Phyllis sighed. ‘lan’s firm makes all those shiny sterile new very expensive artificial organs you cleverly graft into rich dying people; you mean, doctor, you’re not clear as to whom you’re indebted?’

‘I know,’ Eric said, irritably, feeling chagrin. ‘With everything else on my mind I forgot momentarily; that’s all.’

‘Maybe it’s a composer. As in the days of Kennedy; maybe it’s Pablo Casals. God, he would be old. Maybe it’s Beethoven. Hmm.’ She pretended to ponder. ‘By God, I do think he said something about that. Ludwig van somebody; is there a Ludwig van Somebodyelse other than—’

‘Christ,’ Eric said angrily, weary of being teased. ‘Stop it.’

‘Don’t pull rank; you’re not so great. Keeping one creepy old man alive century after century.’ She giggled her low, sweet, and very intimate warm giggle of delighted mirth.

Eric said, with as much dignity as he could manage, ‘I also maintain TF&D’s entire work force of eighty thousand key individuals. And as a matter of fact, I can’t do that from Mars, so I resent all this. I resent it very much.’ You included, he thought bitterly to himself.

‘What a ratio,’ Phyllis said. ‘One artiforg surgeon to eighty thousand patients – eighty thousand and one. But you have your team of robants to help you … perhaps they can make do while you’re absent.’

‘A robant is an it that stinks,’ he said, paraphrasing T. S. Eliot.

‘And an artiforg surgeon,’ Phyllis said, ‘is an it that grovels.’

He glowered at her; she sipped her drink and showed no contrition. He could not get to her; she simply had too much psychic strength for him.

——————————————————————————–

The omphalos of Wash-35, a five story brick apartment building where Virgil had lived as a boy, contained a truly modern apartment of their year 2055 with every detail of convenience which Virgil could obtain during these war years. Several blocks away lay Connecticut Avenue, and, along it, stores which Virgil remembered. Here was Gammage’s, a shop at which Virgil had bought Tip Top comics and penny candy. Next to it Eric made out the familiar shape of People’s Drugstore; the old man during his childhood had bought a cigarette lighter here once and chemicals for his Gilbert Number Five glass-blowing and chemistry set.

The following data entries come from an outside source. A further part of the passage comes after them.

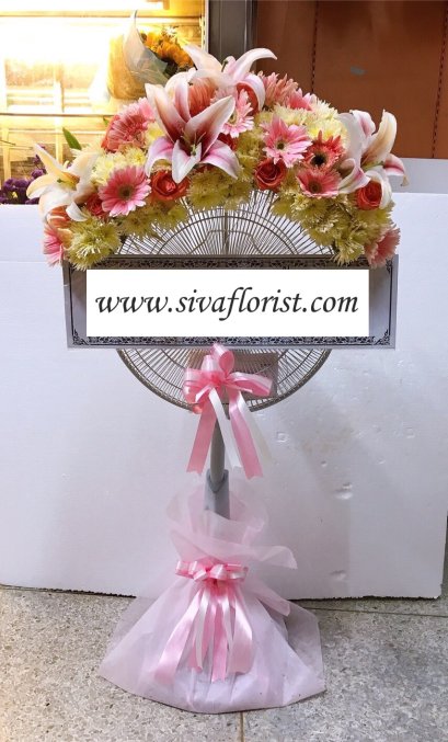 พวงหรีดพัดลมดอกไม้ประดิษฐ์โทนสีชมพู ยี่ห้อฮาตาริปรับระดับได้ ขนาด 16 นิ้ว ราคา 1,650 บาท 18 นิ้ว ราคา 2,000 บาท สั่งซื้อ Line @siva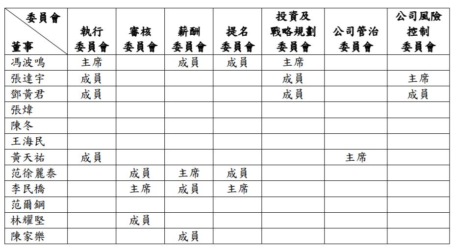 董事会下设 7 个委员会,各董事会成员在委员会担任的职位情况如下:
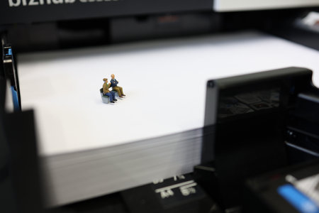 Miniature people: Businessman sitting on the printer. Selective focus.

‘What’s the Uptown Theatre showing this week?’ Harv Ackerman murmured as their ship coasted along Connecticut Avenue so that Virgil could review these treasured sights. He peered.

It was Jean Harlow in Hell’s Angels, which all of them had seen at least twice. Harv groaned.

‘But don’t forget that lovely scene,’ Phyllis reminded him, ‘where Harlow says, “I think I’ll go slip into something more comfortable,” and then when she returns—’

‘I know, I know,’ Harv said irritably. ‘Okay, that I like.’

The ship taxied from Connecticut Avenue onto McComb Street and soon was parking before 3039 with its black wrought-iron fence and tiny lawn. When the hatch slid back, however, Eric smelled – not the city air of a long-gone Terran capital – but the bitterly thin cold atmosphere of Mars; he could hardly get his lungs full of it and he stood gasping, feeling disorientated and sick.